GEO my WP WordPress Plugin SQL Injection Vulnerability (CVE-2026-9757)

The GEO my WP plugin, a WordPress plugin designed for location-based functionality, contains a SQL injection vulnerability (CVE-2026-9757) in versions up to and including 4.5.5. The vulnerability lies within the handling of the ‘swlatlng’ and ’nelatlng’ parameters, which are used to define geographical boundaries for searches. These parameters are extracted from the $_SERVER['QUERY_STRING'] array using parse_str(), bypassing the standard WordPress magic quotes protection, and are subsequently incorporated into a SQL query without proper sanitization or validation. This flaw enables unauthenticated attackers to inject arbitrary SQL code into the query, potentially leading to the extraction of sensitive data from the WordPress database.
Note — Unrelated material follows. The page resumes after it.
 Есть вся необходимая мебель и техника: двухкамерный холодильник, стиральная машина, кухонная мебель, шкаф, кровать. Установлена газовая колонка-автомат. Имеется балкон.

Successful exploitation requires the presence of the [gmw form="results" form_id=N] shortcode on a publicly accessible page and at least one post with an associated gmw_location entry.

Attack Chain

1. An unauthenticated attacker crafts a malicious HTTP request targeting a WordPress page containing the [gmw form="results" form_id=N] shortcode.
2. The malicious request includes the swlatlng and/or nelatlng parameters in the URL’s query string, containing SQL injection payloads.
3. WordPress’s parse_str() function parses the query string from $_SERVER['QUERY_STRING'], extracting the injected parameters. Critically, this bypasses wp_magic_quotes protection.
4. The gmw_get_locations_within_boundaries_sql() function receives the unsanitized swlatlng and nelatlng parameters.
5. The explode() function splits the parameters by commas, creating fragments.
6. These fragments are directly interpolated into a SQL BETWEEN clause within the gmw_get_locations_within_boundaries_sql() function without any validation (e.g. is_numeric()), casting to float, or sanitization (e.g. esc_sql() or $wpdb->prepare()).
7. The injected SQL code is executed against the WordPress database.
8. The attacker extracts sensitive information, such as user credentials or other plugin data, from the database using the injected SQL queries.

Impact

Successful exploitation of this SQL injection vulnerability (CVE-2026-9757) allows unauthenticated attackers to execute arbitrary SQL queries against the WordPress database. This can lead to the disclosure of sensitive information, including user credentials, database configurations, and other confidential data stored within the database. A successful attack could compromise the entire WordPress installation and potentially any other applications sharing the same database server. The CVSS v3.1 base score for this vulnerability is 7.5, indicating a high severity.

Recommendation

• Upgrade the GEO my WP plugin to the latest version, which includes a fix for CVE-2026-9757.
• Deploy the Sigma rule “Detect CVE-2026-9757 Exploitation Attempt — GEO my WP SQL Injection” to your SIEM to detect exploitation attempts based on suspicious query string parameters.
• Monitor web server logs for requests containing the swlatlng and nelatlng parameters in the query string with SQL injection syntax, as detected by the Sigma rule above.